As a citizen of USA , you are setting a bad precedent if you don't fight against the violation of your rights. It's not whether you love it or you hate it. It's a necessity. 20 years down the line, if history repeats with your son would you advice him to take it lying down or stand straight and fight? Why do you want joint custody? Is taking care of your son too much for you?

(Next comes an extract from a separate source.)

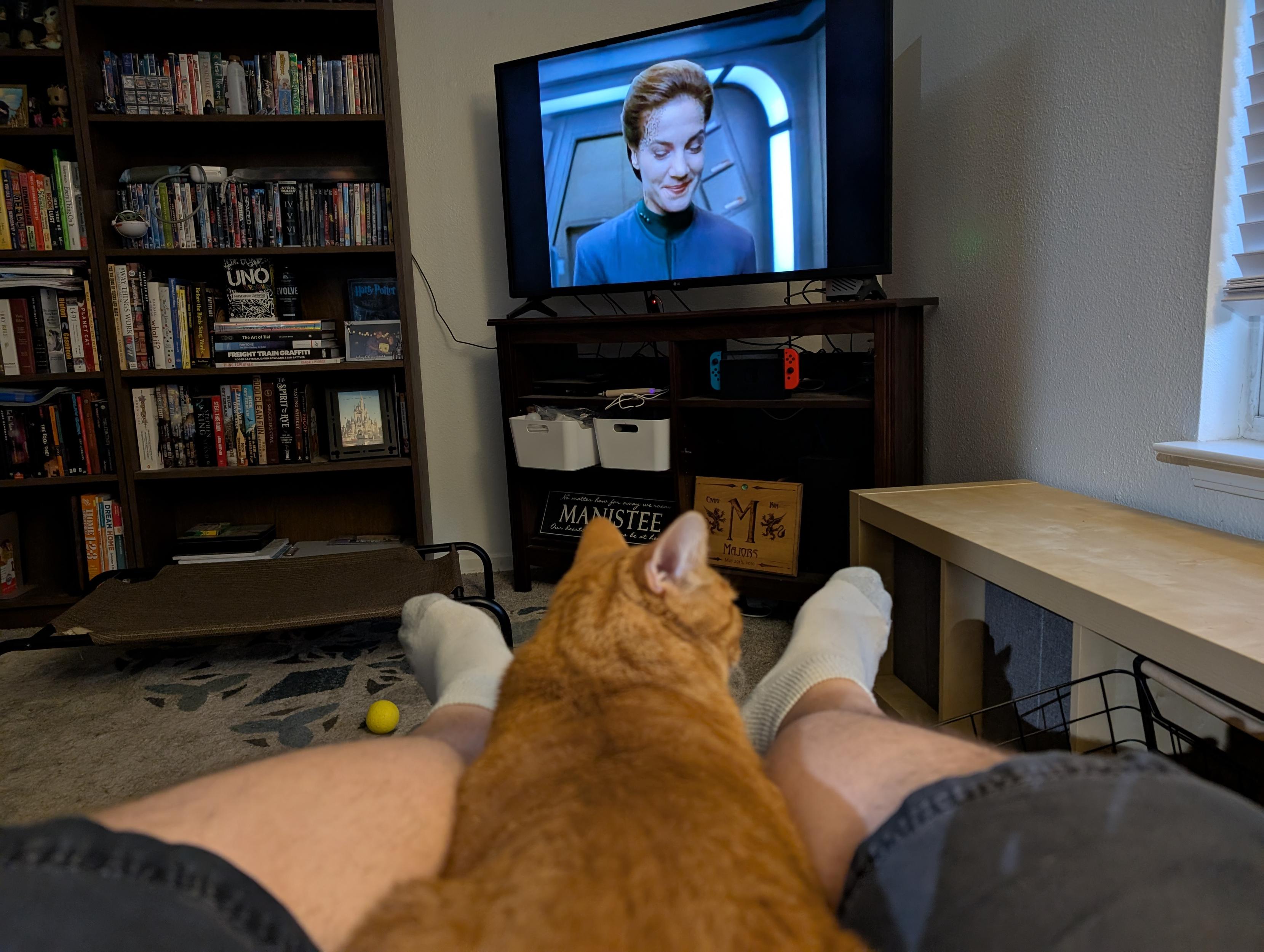Good Morning Mastodon! Obi was watching Deep Space Nine with me last night. #cats #CatsOMastodon #startrek #startrekds9

Whenever I read your posts, I get the feeling you feel you are doing the world a favor by your compassion and non-confrontation. Well, I hate to break it to you buddy, but the world sees it as your weakness. If you can't stand up for yourself, you can't stand up for your boy. Think about it.


----------



## 3putt (Dec 3, 2012)

Rusty, imagine for a moment that this isn't your situation, but your son's 25 years from now. What would you advise him to do?


----------



## Squeakr (May 1, 2013)

You need to pursue this if for nothing else the legal violations that took place and think not about whom is involved. If she and whomever else were able to do this and get away with it, how many other times will they do this in the future or have they done this in the past possibly? The employer need to be aware of the violations and held accountable for them as this is the only way that they will put in the correct procedures to insure it doesn't happen again. What kind of morals and values do the people that are trusted with the power over these confidential records exhibit if they are willing to go to such extremes, and where does it stop for them?

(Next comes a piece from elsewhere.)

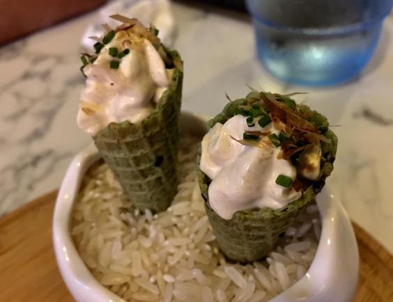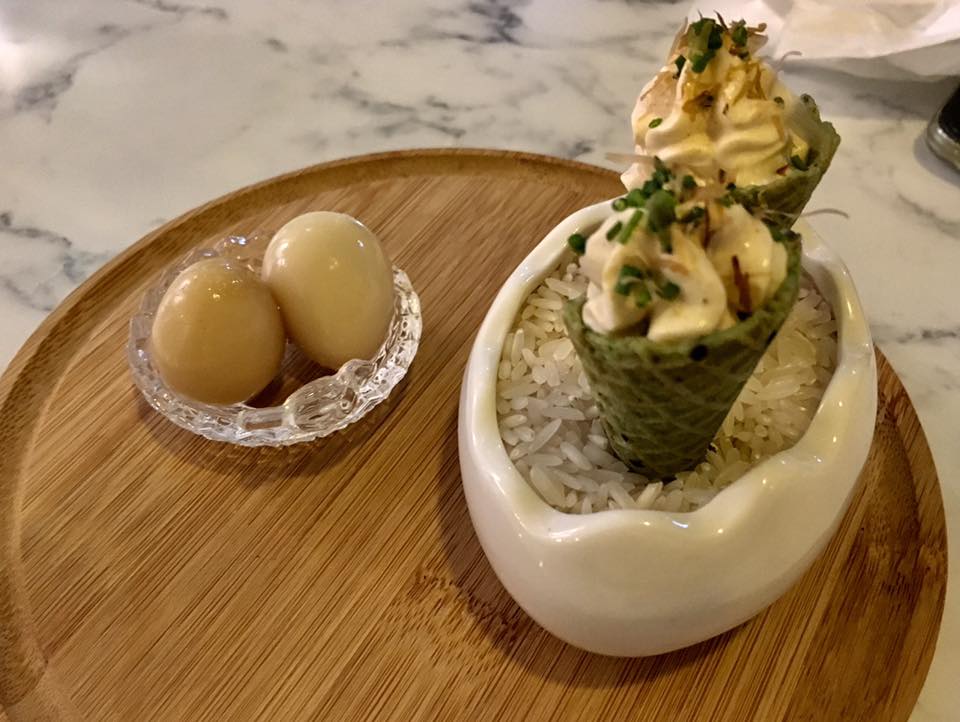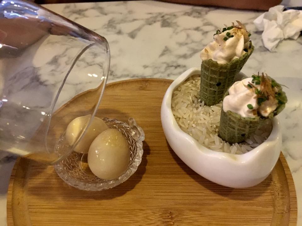 deviled eggs were a smoked quail egg & yoke mouse pesto cone.

Think of it as if you were applying for a job, school, or something very important to you and your future, and your medical records were just freely released. You would feel violated and want your rights protected to the extent of the law for that sole reason and not vengeance on someone necessarily for having procured or provided them but more the fact that you were violated?

Would you want this happening to your friends or other members of your family. Ask yourself, if you don't stop it now, where and when will it stop and at what cost. Who's to say that they haven't done this many times over and are saving and storing those records somewhere?


----------



## Thorburn (Nov 23, 2011)

So my ex stole my medical records and turned them into court and used them against me in our custody battle.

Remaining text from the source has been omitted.